Аскетическая и каноническая литература часто упоминает о требованиях к кающемуся — о периодах времени, на которые грешник отлучается от церковного общения, о поклонах и благотворительности, требуемых в качестве воздаяния за совершенные и исповеданные грехи; но если речь идет не о «смертных» грехах — убийстве, вероотступничестве, прелюбодеянии, — влекущих за собою формальное отлучение, то нигде нет свидетельств того, что произносимое священником разрешение от грехов считалось необходимым для скрепления акта покаяния. Напротив, множество источников описывают разрешения, дающиеся нерукоположенными монахами [484], и этот обычай сохранился в восточных монастырях и до сего дня.

Разнообразные формы разрешения или отпущения грехов, обнаруживающиеся в византийских «славословиях» (euchologia) и пенитенциалах (покаянных книгах) [485], всегда оформлены как молитва. «На Востоке, — пишет А.Алмазов, — всегда понимали, что разрешение выражается через молитву, и, даже если и использовалась какая–то ; декларативная формула, она подразумевала, что отпущение грехов принадлежит одному лишь Богу» [486]. Все декларативные формулы ( Я, недостойный иерей, … прощаю и разрешаю…»), прокравшиеся в некоторые восточные — греческие и славянские — «эвхологии», имеют постсхоластическое латинское происхождение и были усвоены в рамках общей латинизации византийского обряда.

Сами византийские богословы испытывали неуверенность в определении точного статуса покаяния в ряду mysteria (таинств) Церкви, и нередко помещали его в своем списке таинств вместе с пострижением в монахи и елеопомазанием болящего. К XV столетию, однако, личная исповедь священнику, за которой следовала разрешительная молитва, стала у мирян общепринятым обычаем, а в монастырях продолжала существовать в качестве альтернативы исповедь нерукоположенным монахам. Такое отсутствие ясности и в самой практике, и в богословском обосновании имело и положительное следствие: испо ведь и покаяние истолковывались преимущественно в качестве разно видности духовной терапии. Ибо грех в восточнохристианской антропологии это, прежде всего, недуг, «страсть». Не отрицая привилегированного права Петра на ключи, дарованные всему епископату, или апостольскую власть разрешать грехи, а Церковь — носительница этой власти, византийские богословы никогда не поддавались соблазну низведения греха к понятию преступления, которое влечет вынесение приговора, наказание или прощение. Нет, византийские богословы всегда помнили, что грешник — это прежде всего узник сатаны и как таковой смертельно болен. По этой причине исповедь и покаяние, по крайней мере в идеальном о них представлении, сохранили черты освобождения и исцеления, а не суда.
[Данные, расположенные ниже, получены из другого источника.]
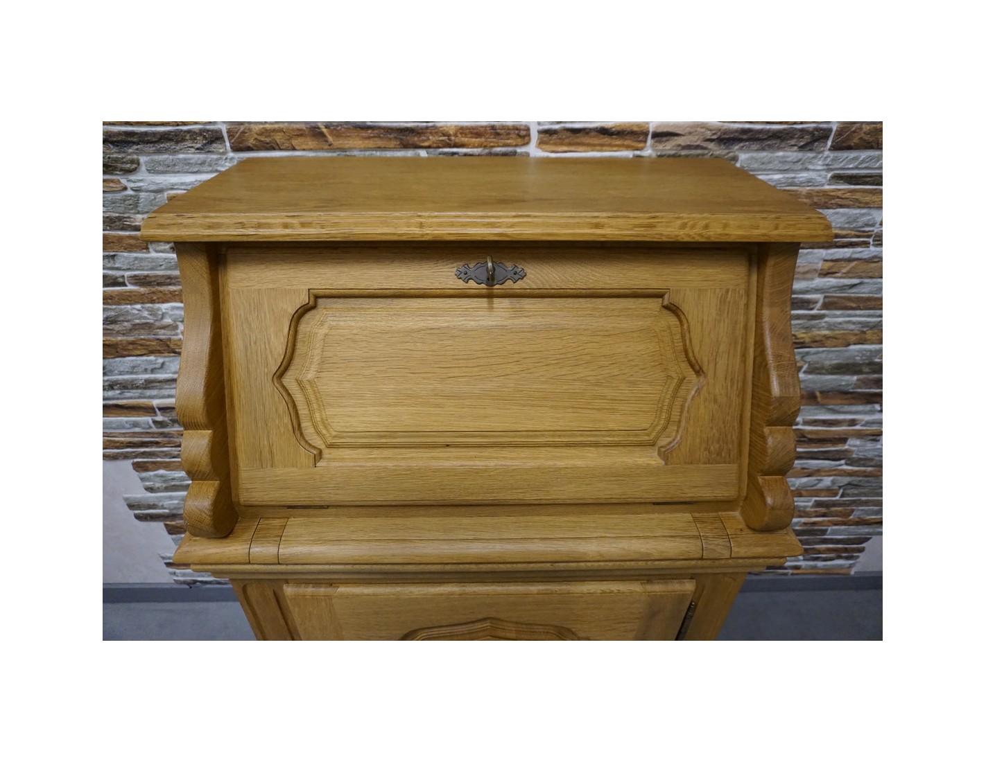 SEKRETARZYK Z LITEGO DĘBU O WYMIARACH 76 CM X 44 CM X 112 CM TO STYLOWE I FUNKCJONALNE ROZWIĄZANIE DO TWOJEGO WNĘTRZA. Z DWOMA DRZWICZKAMI ZAPEWNIA PRAKTYCZNĄ PRZESTRZEŃ DO PRZECHOWYWANIA, ZACHOWUJĄC JEDNOCZEŚNIE ELEGANCJĘ. SOLIDNA KONSTRUKCJA I MINIMALISTYCZNY DESIGN SPRAWIAJĄ, ŻE TEN SEKRETARZYK DOSKONALE ŁĄCZY TRADYCYJNY UROK Z NOWOCZESNĄ FUNKCJONALNOŚCIĄ, STANOWIĄC WYJĄTKOWE MIEJSCE DO PRACY CZY PRZECHOWYWANIA DROBIAZGÓW.

Отсюда большое разнообразие форм и обычаев, наряду с невозможностью заключить это многообразие в рамки каких–то косных богословских категорий.

4. Брак

Византийская богословская, литургическая и каноническая традиция единодушно подчеркивает абсолютную уникальность христианского брака, опираясь в этом на 5–ю главу Послания к Ефесянам. Как Таинство (mysterion) брачный союз отражает союз между Христом и Церковью, между Яхве и Израилем и потому может быть только одним единственным — вечными узами, которые не разрушимы самой смертью. В своей сакраментальной природе брак преображает и превосходит телесный, плотский союз, и договорное соединение, подкрепляемое заключаемым по закону контрактом: любовь человеческая проецируется в вечное Царство Божие.
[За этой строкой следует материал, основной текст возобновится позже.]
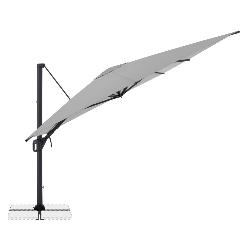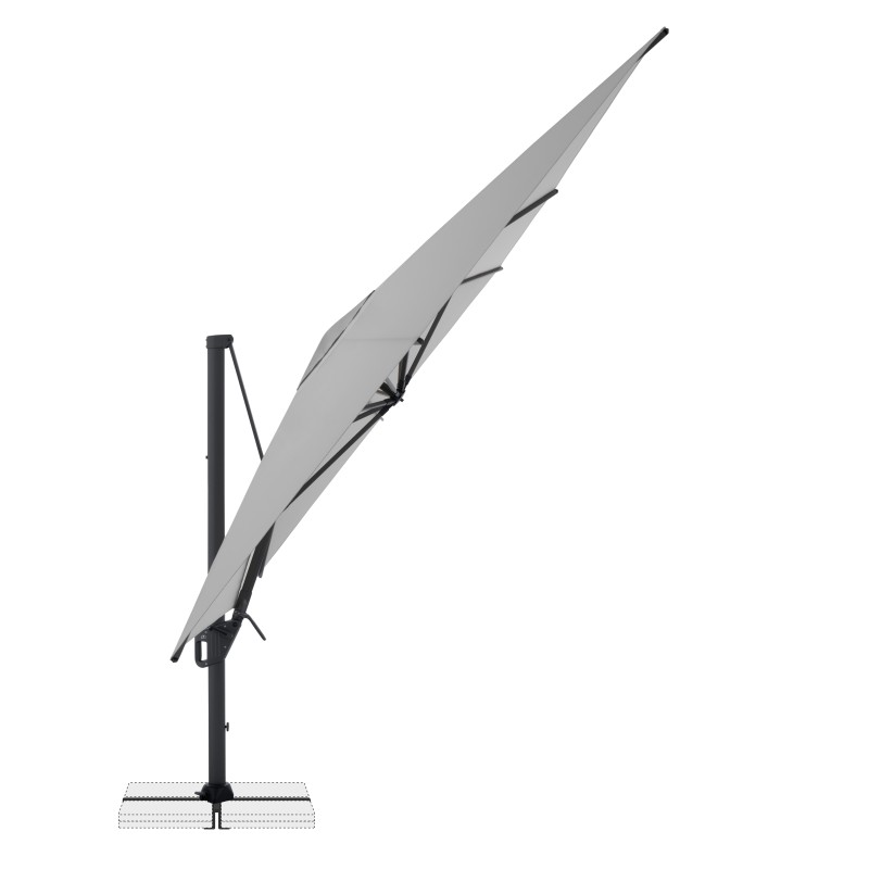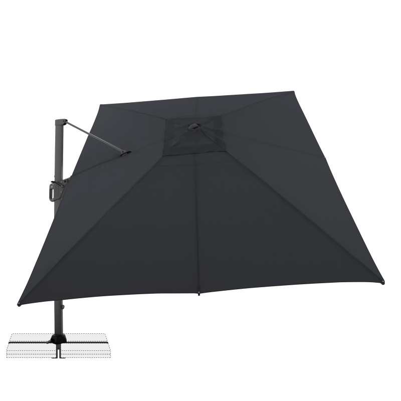 LIFE 300 x 400 cm je velice všestranný a vysoce kvalitní slunečník s pevným hliníkovým a ocelovým rámem. Obdélníkový tvar střechy je obzvláště vhodný pro zastínění zahradního nábytku. Kromě toho se slunečník dá přizpůsobit pohybu slunce během dne, protože je možné jej otočit o 360°, natočit axiálně na obě strany a může být nastaven pod úhlem dozadu, čímž se optimálně přizpůsobuje pohybu slunce. Potah je vyroben z polyesterové tkaniny odpuzující vodu s dobrou UV ochranou 50+.

Лишь такое основополагающее понимание христианского брака может объяснить тот факт, что до X столетия ни один повторный брак, вступали ли в него овдовевшие или же разведенные, не благословлялся в Церкви. Имея в виду обычай «коронования» брачующейся пары — который представляет собой характерную черту византийского обряда бракосочетания, — канон, приписываемый Никифору Исповеднику (806—815), уточняет: «Те, кто вступают во второй брак, не венчаются и не допускаются к пречистым таинствам в течение двух лет; те же, кто вступают в третий брак, отлучаются на пять лет» [487]. Этот текст, только повторяющий более ранние предписания канонов Василия [488], предполагает, что второй и третий браки овдовевших или разведенных могут считаться лишь гражданскими договорами. На самом деле, если супружество получало благословение, дарованное на Евхаристии, где новобрачных причащали, то требуемое временное отлучение исключало участие Церкви или ее благословение в случаях, когда вступали в повторные браки.
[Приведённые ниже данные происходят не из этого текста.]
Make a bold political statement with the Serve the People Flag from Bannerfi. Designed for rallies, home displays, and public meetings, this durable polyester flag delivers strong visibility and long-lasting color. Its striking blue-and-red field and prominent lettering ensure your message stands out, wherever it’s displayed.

Полнейшая неповторимость как норма христианского брака утверждалась также повышенной требовательностью византийского канонического права к духовенству: человек, который был женат дважды или же первым браком, но на вдове или разведенной, не признавался подходящим кандидатом на посвящение в диаконы или священники [489]. Но миряне, после периода покаяния и отлучения от церковных таинств, вновь допускались к полному общению с Церковью, даже после второго или третьего брака; понимание и терпимость распростирались и на них, когда они или не могли согласиться на одиночество или же решали воспользоваться вторым шансом для создания истинно христианского супружества. Очевидно, что византийская традиция подходила к вопросу о повторном бракосочетании — после вдовства или развода — в рамках покаянной дисциплины. Брак как Таинство подразумевает получение благодати Божией; но чтобы эта благодать действовала, необходимо участие человека («синергия»). Это верно в отношении всех таинств, но особенно Крещения, плоды которого могут быть растрачены грехом и вновь обретены через покаяние. Что же касается брака, который предполагает личное понимание и психологическое подстраивание двух людей, то византийский обычай признавал возможность первоначальной ошибки, заодно соглашаясь с тем, что жизнь в одиночестве, в случаях смерти партнера или просто его отсутствия, есть большее зло, чем повторное вступление в брак тех, кто не в силах «вынести» одиночество.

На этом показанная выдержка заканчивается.